Work instruction
With the pictures left out, print exactly the lines below that run from the one containing "I embossed the" through the one containing "點(diǎn)擊邀請(qǐn".

Entries shown
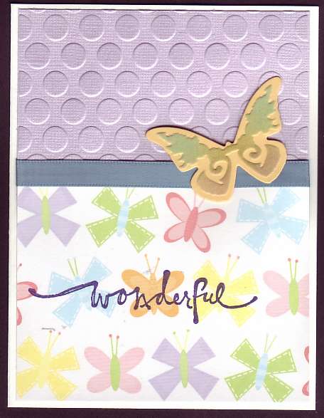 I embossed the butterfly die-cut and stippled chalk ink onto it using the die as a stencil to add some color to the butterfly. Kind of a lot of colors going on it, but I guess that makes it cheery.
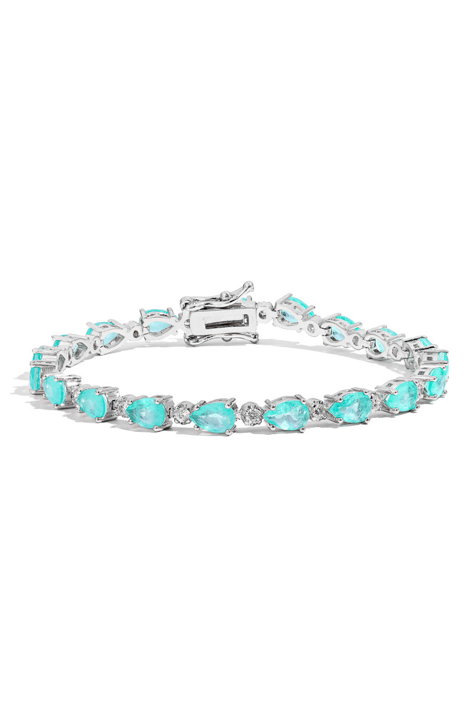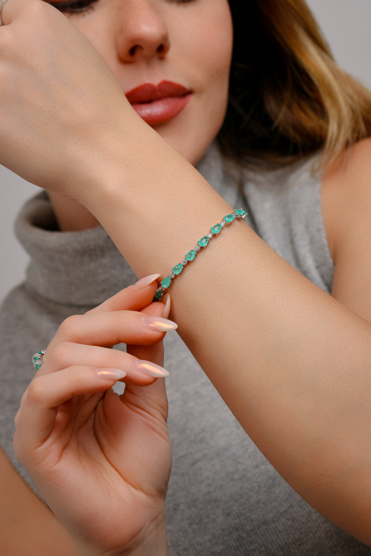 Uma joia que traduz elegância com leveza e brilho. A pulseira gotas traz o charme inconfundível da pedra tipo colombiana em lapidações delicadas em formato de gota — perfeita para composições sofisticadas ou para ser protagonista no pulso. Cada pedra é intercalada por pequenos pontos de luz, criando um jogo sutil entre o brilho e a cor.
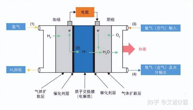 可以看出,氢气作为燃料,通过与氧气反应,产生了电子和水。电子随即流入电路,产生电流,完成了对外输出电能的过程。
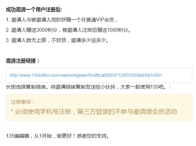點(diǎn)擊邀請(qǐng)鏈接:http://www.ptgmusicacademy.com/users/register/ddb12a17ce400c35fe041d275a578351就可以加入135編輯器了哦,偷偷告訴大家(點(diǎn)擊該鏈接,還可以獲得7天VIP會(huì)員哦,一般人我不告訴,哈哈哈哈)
...
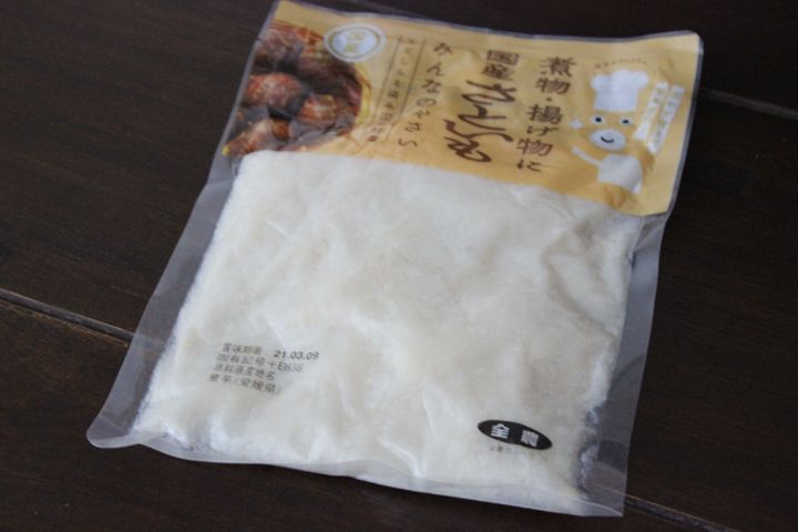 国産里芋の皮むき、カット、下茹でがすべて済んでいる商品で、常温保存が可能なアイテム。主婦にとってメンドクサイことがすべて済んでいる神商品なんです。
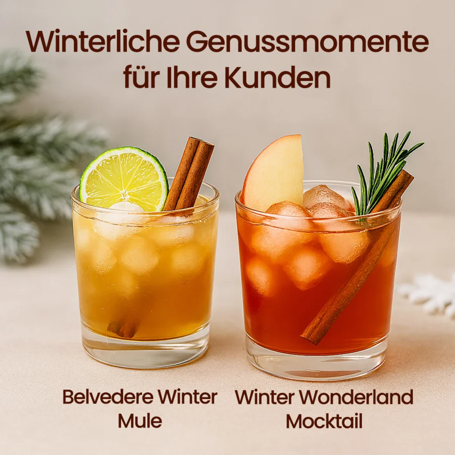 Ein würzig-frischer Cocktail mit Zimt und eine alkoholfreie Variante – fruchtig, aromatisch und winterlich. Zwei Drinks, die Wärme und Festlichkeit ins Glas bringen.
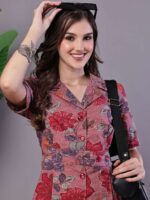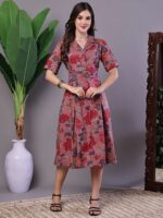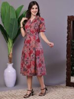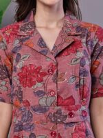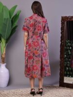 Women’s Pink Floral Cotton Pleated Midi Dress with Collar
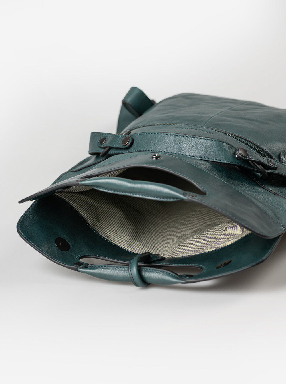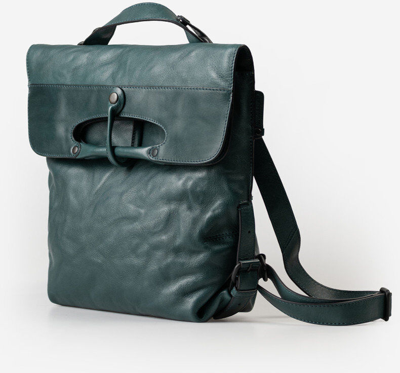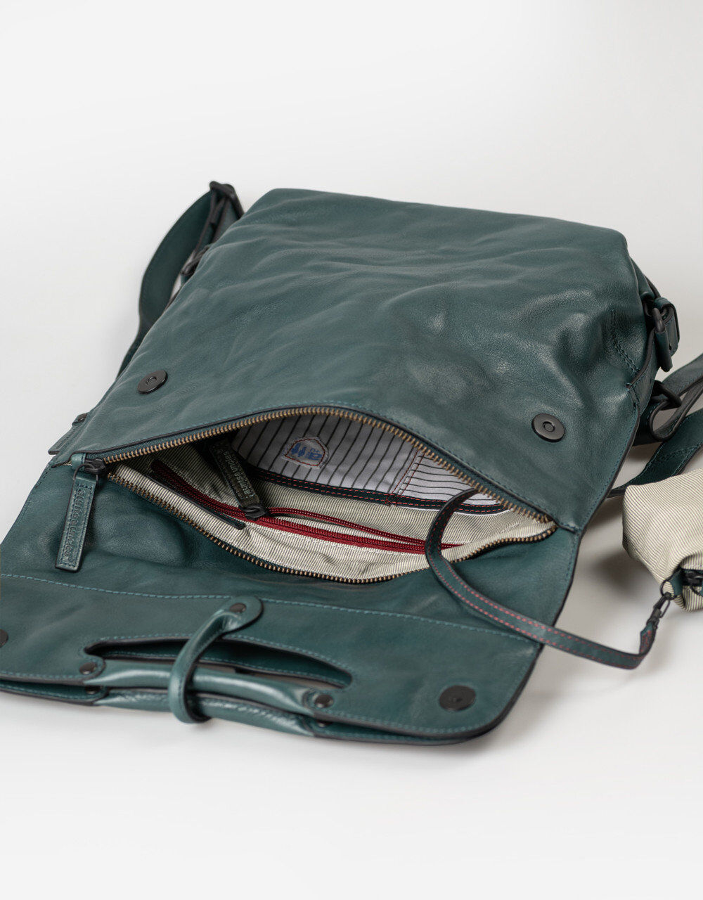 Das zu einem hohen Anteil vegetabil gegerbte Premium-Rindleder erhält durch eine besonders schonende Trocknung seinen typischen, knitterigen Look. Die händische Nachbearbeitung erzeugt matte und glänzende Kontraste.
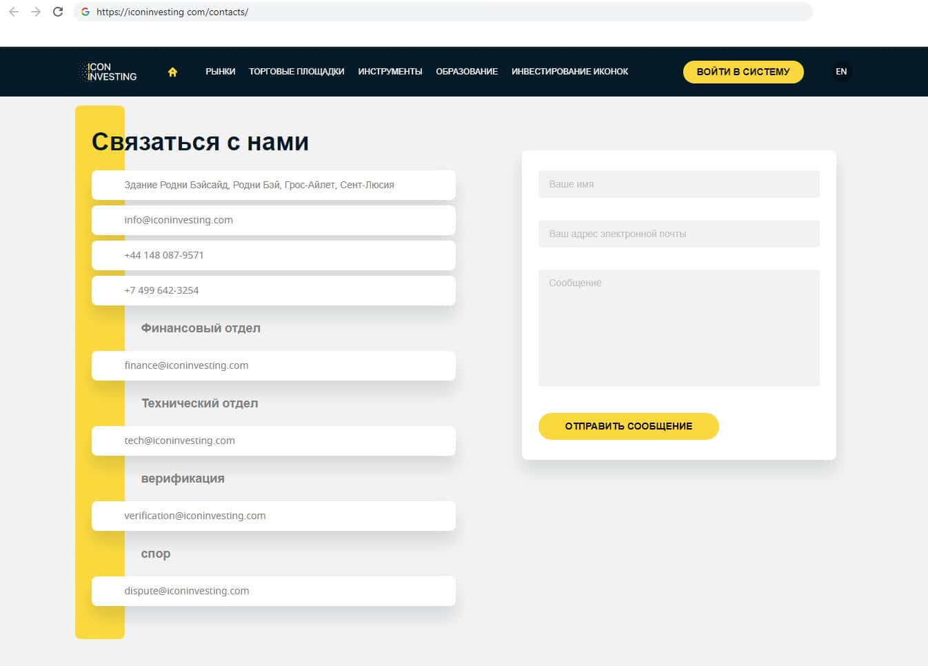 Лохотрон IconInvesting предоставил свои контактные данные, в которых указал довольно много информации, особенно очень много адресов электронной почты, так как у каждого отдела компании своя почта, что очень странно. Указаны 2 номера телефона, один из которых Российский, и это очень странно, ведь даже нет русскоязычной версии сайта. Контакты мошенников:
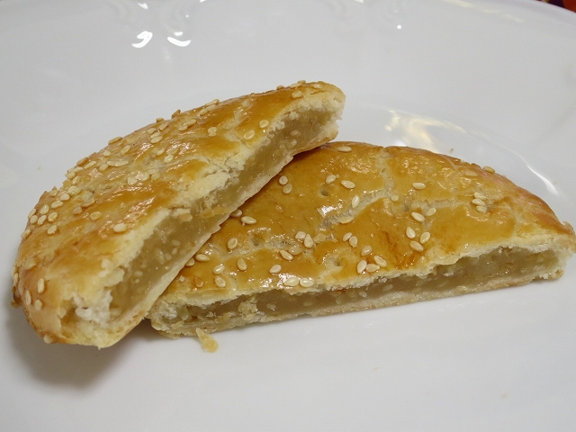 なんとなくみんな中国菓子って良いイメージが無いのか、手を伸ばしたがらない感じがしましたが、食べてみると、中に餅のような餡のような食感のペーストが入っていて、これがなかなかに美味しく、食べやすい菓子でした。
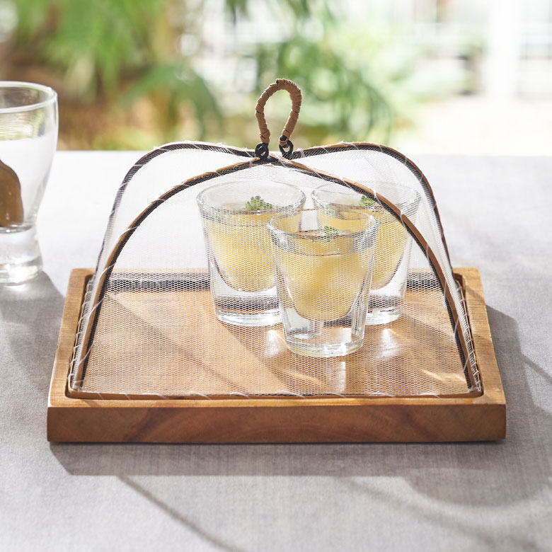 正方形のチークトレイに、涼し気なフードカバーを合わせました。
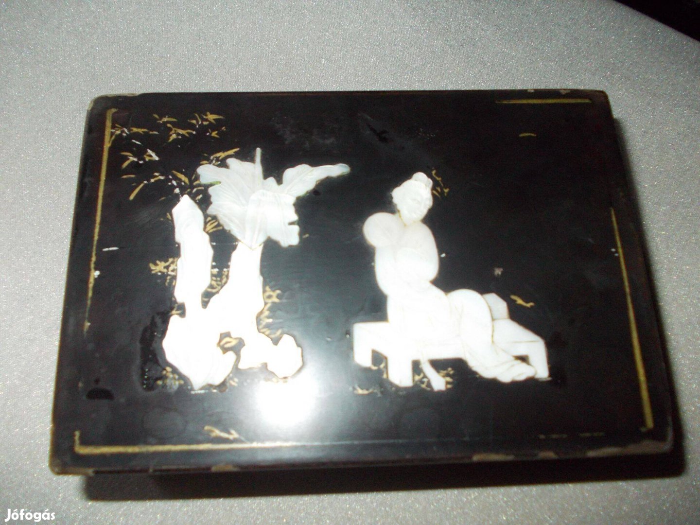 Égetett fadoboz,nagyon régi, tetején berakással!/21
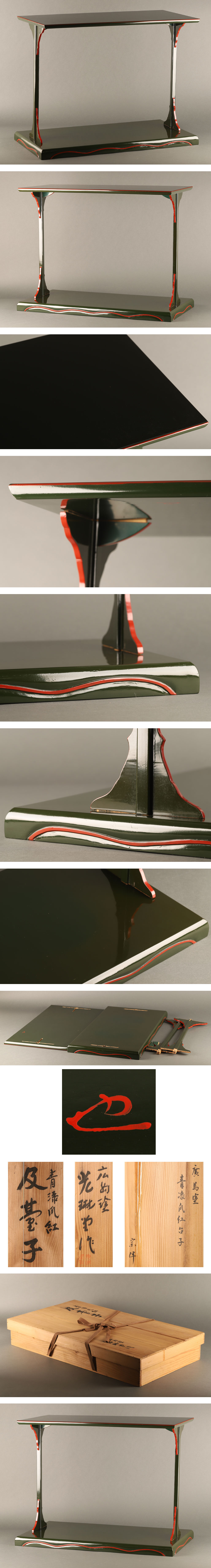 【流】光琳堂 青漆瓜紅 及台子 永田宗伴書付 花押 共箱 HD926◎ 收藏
--
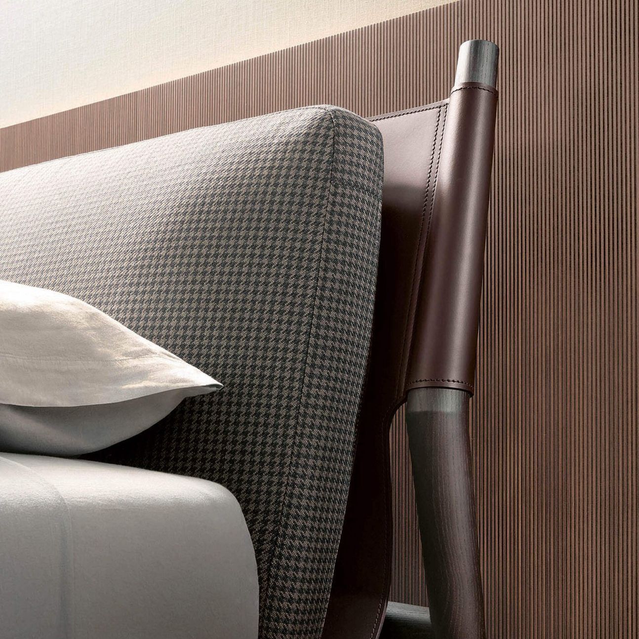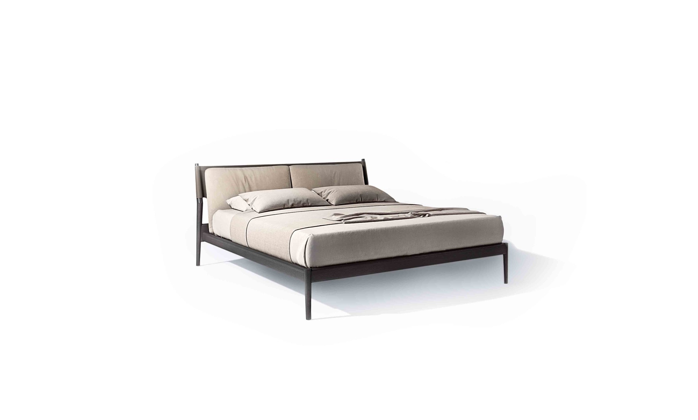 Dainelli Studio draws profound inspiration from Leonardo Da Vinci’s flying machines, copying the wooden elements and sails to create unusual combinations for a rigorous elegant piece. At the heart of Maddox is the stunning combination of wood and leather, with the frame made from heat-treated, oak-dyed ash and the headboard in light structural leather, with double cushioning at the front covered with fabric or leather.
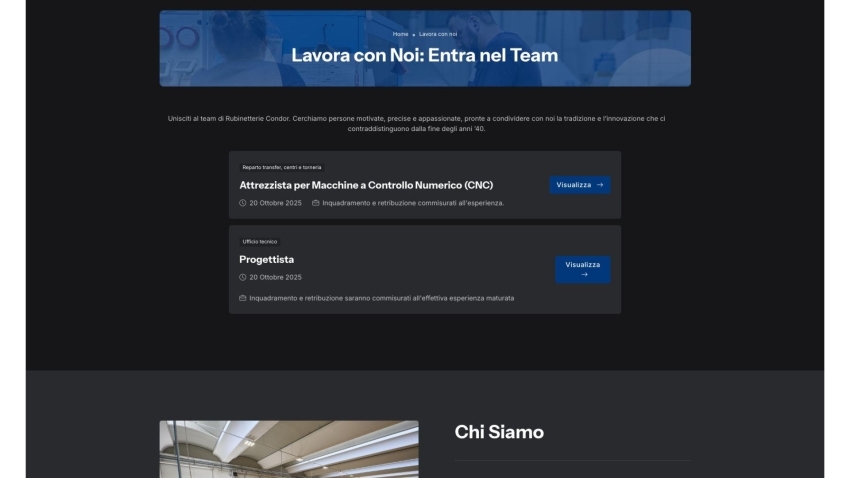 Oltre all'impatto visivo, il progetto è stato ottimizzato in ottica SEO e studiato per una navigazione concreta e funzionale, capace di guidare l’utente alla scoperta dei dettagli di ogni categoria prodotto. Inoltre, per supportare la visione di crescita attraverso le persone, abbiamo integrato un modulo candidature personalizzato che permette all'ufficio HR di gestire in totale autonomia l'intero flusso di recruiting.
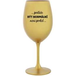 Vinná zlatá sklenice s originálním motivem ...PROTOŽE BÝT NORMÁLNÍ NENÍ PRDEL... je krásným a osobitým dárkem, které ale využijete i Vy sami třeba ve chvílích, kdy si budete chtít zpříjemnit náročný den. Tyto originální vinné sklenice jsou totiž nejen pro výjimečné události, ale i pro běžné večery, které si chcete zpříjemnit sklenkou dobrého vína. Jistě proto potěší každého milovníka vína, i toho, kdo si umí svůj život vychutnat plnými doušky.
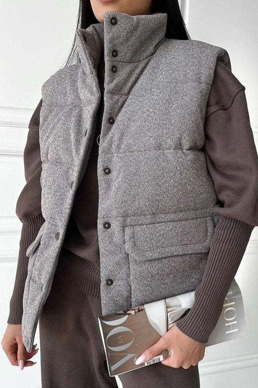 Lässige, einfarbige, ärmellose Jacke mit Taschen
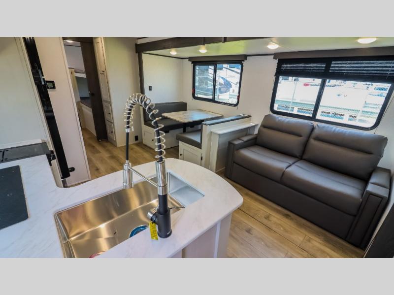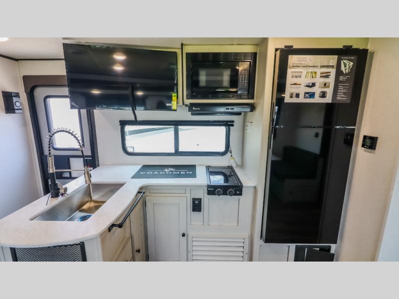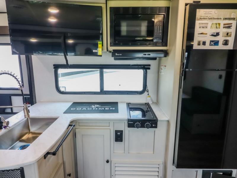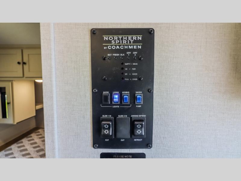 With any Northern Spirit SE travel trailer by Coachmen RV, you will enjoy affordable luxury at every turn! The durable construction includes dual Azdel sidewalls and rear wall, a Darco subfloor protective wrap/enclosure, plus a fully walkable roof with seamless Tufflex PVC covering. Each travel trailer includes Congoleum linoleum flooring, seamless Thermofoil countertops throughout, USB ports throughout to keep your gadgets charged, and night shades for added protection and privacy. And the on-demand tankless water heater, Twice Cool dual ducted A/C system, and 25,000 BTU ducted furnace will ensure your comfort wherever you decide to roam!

Written solution
 I embossed the butterfly die-cut and stippled chalk ink onto it using the die as a stencil to add some color to the butterfly. Kind of a lot of colors going on it, but I guess that makes it cheery.
 Uma joia que traduz elegância com leveza e brilho. A pulseira gotas traz o charme inconfundível da pedra tipo colombiana em lapidações delicadas em formato de gota — perfeita para composições sofisticadas ou para ser protagonista no pulso. Cada pedra é intercalada por pequenos pontos de luz, criando um jogo sutil entre o brilho e a cor.
 可以看出,氢气作为燃料,通过与氧气反应,产生了电子和水。电子随即流入电路,产生电流,完成了对外输出电能的过程。
點(diǎn)擊邀請(qǐng)鏈接:http://www.ptgmusicacademy.com/users/register/ddb12a17ce400c35fe041d275a578351就可以加入135編輯器了哦,偷偷告訴大家(點(diǎn)擊該鏈接,還可以獲得7天VIP會(huì)員哦,一般人我不告訴,哈哈哈哈)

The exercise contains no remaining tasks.